# Benelli M2



## Wetland Warriors (Feb 22, 2011)

I can't seem to get a straight answer out of the guys at scheels and cabela's here in forks so i'm wondering if anyone can help me out here. At $900 where does an M2 fit on the gun spectrum. What is it lacking compared to the higher end sbe2 and vinci. And also what does it have over a gun like the 600 dollar M3500? In contradiction to the typical past stoger guns, I've heard good thinks considering the build and reliability of the 3500. Thanks to all who reply. :beer:


----------



## driggy (Apr 26, 2005)

The M2 has a solid rceiver, same action, 3' chamber, same stock set up.

The SBE has a barrel that has the top of the receiver built in, same montefeltro action, 3 1/2" chamber.

Vinci new design but still recoil operated, 3" and 3 1/2" chambers depending on version, totally diferent stock, takes down into 3 main pieces.

M2 older and proven design that is reliable with almost any 3" and 2 3/4" round. SBE I and II older and also proven that will shoot 3 1/2" shells but may not shoot light 2 3/4" reliably, geared towards goose hunters. Vinci latest and greatest so everyone has to have one, or so they think. Jury is still out.

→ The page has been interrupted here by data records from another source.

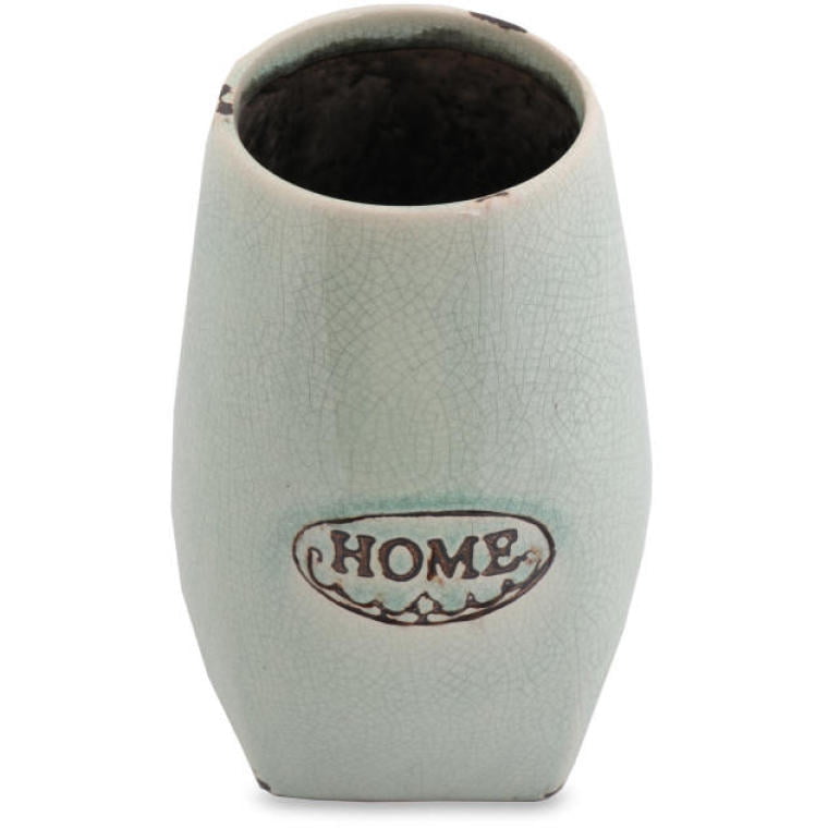 Ceramiczny wazon o wysokości 18 centymetrów to zachwycający element dekoracyjny, który doskonale wpasuje się w każde wnętrze, dodając mu wyjątkowego charakteru. Jego delikatny, stonowany kolor mięty i zieleni sprawia, że wazon idealnie harmonizuje zarówno z żywymi, jak i sztucznymi kwiatami, a także może stanowić samodzielną ozdobę. Wykonany w starym stylu, wazon charakteryzuje się unikalnymi przetarciami i pęknięciami, co nadaje mu wyjątkowego uroku oraz autentyczności. Dodatkowo, piękny napis „Home” stylizowany stemplem podkreśla jego oryginalność i nadaje mu osobistego charakteru. Ten wazon to doskonały wybór dla osób ceniących sobie estetykę i oryginalność w aranżacji wnętrz.
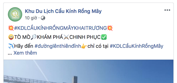 Cụ thể, trên trang fanpage của khu du lịch Cầu kính Rồng Mây đã chia sẻ các thông tin cùng hình ảnh liên quan:
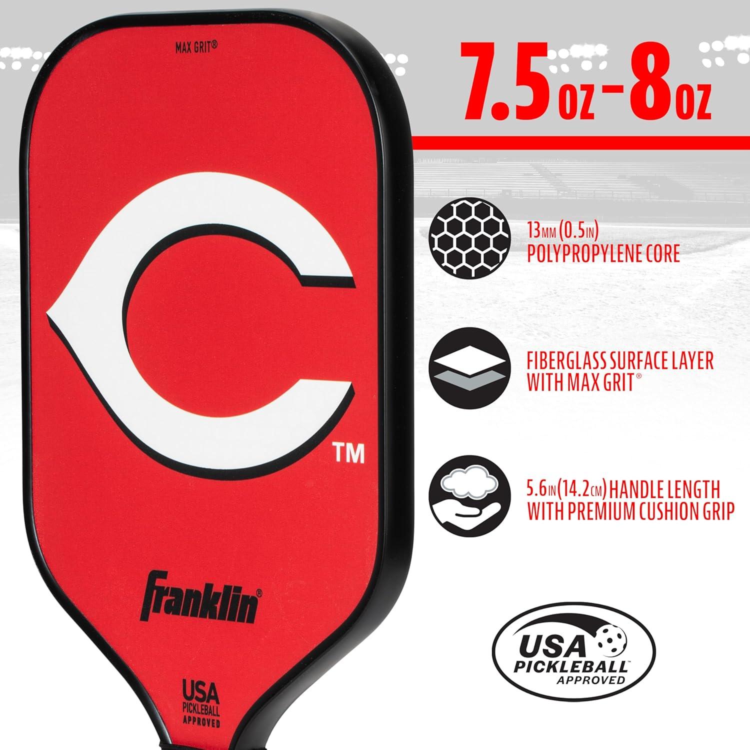 Franklin Sports MLB Team Pickleball Paddles – Official MLB Baseball Team Logo + Colors Pickleball Paddles – Signature Series 13MM Pickleball Paddle with MaxGrit – USA Pickleball (USAPA) Approved(Cincinnati Reds)
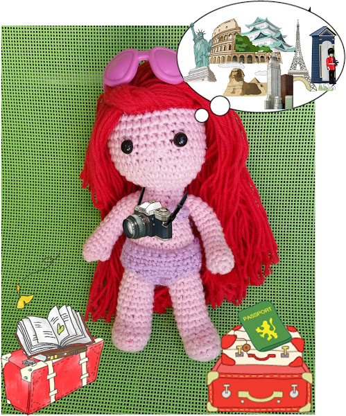 Espero ver muchas Evitas en muchos lugares y recibir muchas postales de los países, ciudades, pueblos, monumentos etc... que visite. Si queréis ver el patrón lo encontrareis aquí.

Stoeger, no experience, though reports of reliabilty issues in the past. May have been worked out by now. Can't say for sure but broken firing pins and bolt handles falling out comes to mind. Stock may not be adjustable.


----------



## Wetland Warriors (Feb 22, 2011)

Thanks for your input Driggy :thumb:


----------



## questor (Oct 4, 2011)

Check out this review of the M2: http://www.thetruthaboutguns.com/20...so/gun-review-benelli-m2-tactical-comfortech/


----------



## xdeano (Jan 14, 2005)

I've honestly shot thousands of round through an M1, then several more thousand through a M2. And even more through the montefeltro and SBE. They are super reliable. I've shot them in -30 F and 100+ degrees. the only problems that i've ever had was me not cleaning them every few cases. I've had a couple of bolt heads crack, ejectors round off, ejectors break off and that's about it after many many rounds.

They're good to go.

xdeano


----------



## Wetland Warriors (Feb 22, 2011)

Thanks a lot guys i'll keep your insight in mind.


----------



## GKBassplayer (Feb 19, 2008)

I have had one for several years and I love it. I opted for the M2 and a paternmaster over the SBE2 because there really is no need for 3.5" shells for regular season ducks and geese. I have even shot many late december geese with no problems killing birds. Its a great gun, the only jams i have had were my own fault, feeding muddy shells into the gun or having large pieces of grass inside the receiver. The only difference i know of between the $800 and the $1200 is the comfertech stock. I bought the nicer stock but i really haven't noticed a difference.


----------